_ASSIGNMENT_
Copy, exactly as written, the lines that begin at the one containing "Some of the" and end at the one containing "The Houszy pack". Skip any pictures in the data below.

_DATASET ENTRIES_
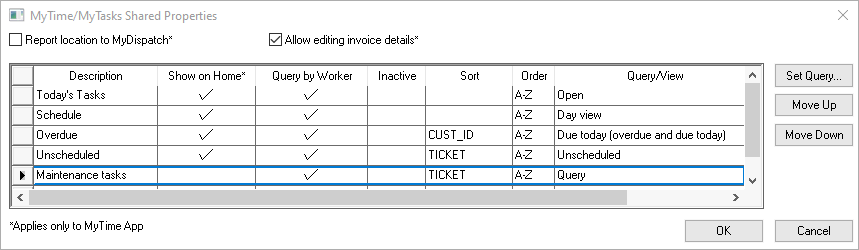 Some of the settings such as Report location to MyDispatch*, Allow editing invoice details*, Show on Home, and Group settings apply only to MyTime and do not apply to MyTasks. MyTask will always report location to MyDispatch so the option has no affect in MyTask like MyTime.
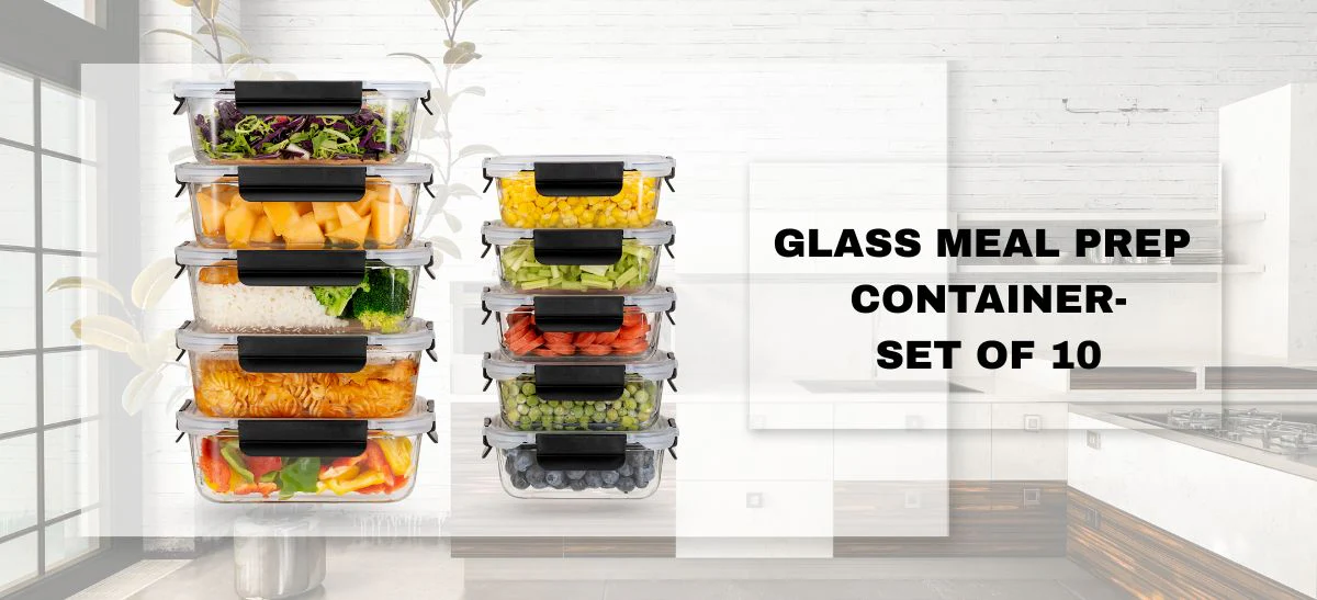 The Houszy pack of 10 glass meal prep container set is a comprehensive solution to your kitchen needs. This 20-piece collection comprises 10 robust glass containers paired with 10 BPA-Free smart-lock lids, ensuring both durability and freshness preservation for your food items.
...
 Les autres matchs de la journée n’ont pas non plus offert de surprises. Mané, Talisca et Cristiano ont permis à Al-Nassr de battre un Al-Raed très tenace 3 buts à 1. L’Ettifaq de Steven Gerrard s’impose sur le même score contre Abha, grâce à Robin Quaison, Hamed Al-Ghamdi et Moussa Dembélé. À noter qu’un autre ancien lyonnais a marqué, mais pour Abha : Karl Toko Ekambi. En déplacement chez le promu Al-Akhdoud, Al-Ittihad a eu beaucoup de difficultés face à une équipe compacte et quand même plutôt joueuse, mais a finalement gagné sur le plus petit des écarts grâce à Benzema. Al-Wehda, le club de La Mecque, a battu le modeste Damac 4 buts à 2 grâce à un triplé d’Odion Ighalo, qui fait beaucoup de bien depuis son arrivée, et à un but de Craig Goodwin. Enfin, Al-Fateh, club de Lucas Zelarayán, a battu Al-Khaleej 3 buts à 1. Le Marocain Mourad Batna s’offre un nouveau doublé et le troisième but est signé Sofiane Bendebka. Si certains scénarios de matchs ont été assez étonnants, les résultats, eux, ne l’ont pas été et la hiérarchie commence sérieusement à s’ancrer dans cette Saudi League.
...
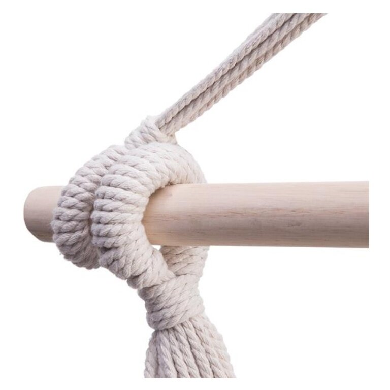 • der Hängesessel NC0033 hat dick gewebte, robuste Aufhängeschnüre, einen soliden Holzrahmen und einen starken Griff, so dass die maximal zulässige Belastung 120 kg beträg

_SOLVED EXERCISE_
 Some of the settings such as Report location to MyDispatch*, Allow editing invoice details*, Show on Home, and Group settings apply only to MyTime and do not apply to MyTasks. MyTask will always report location to MyDispatch so the option has no affect in MyTask like MyTime.
 The Houszy pack of 10 glass meal prep container set is a comprehensive solution to your kitchen needs. This 20-piece collection comprises 10 robust glass containers paired with 10 BPA-Free smart-lock lids, ensuring both durability and freshness preservation for your food items.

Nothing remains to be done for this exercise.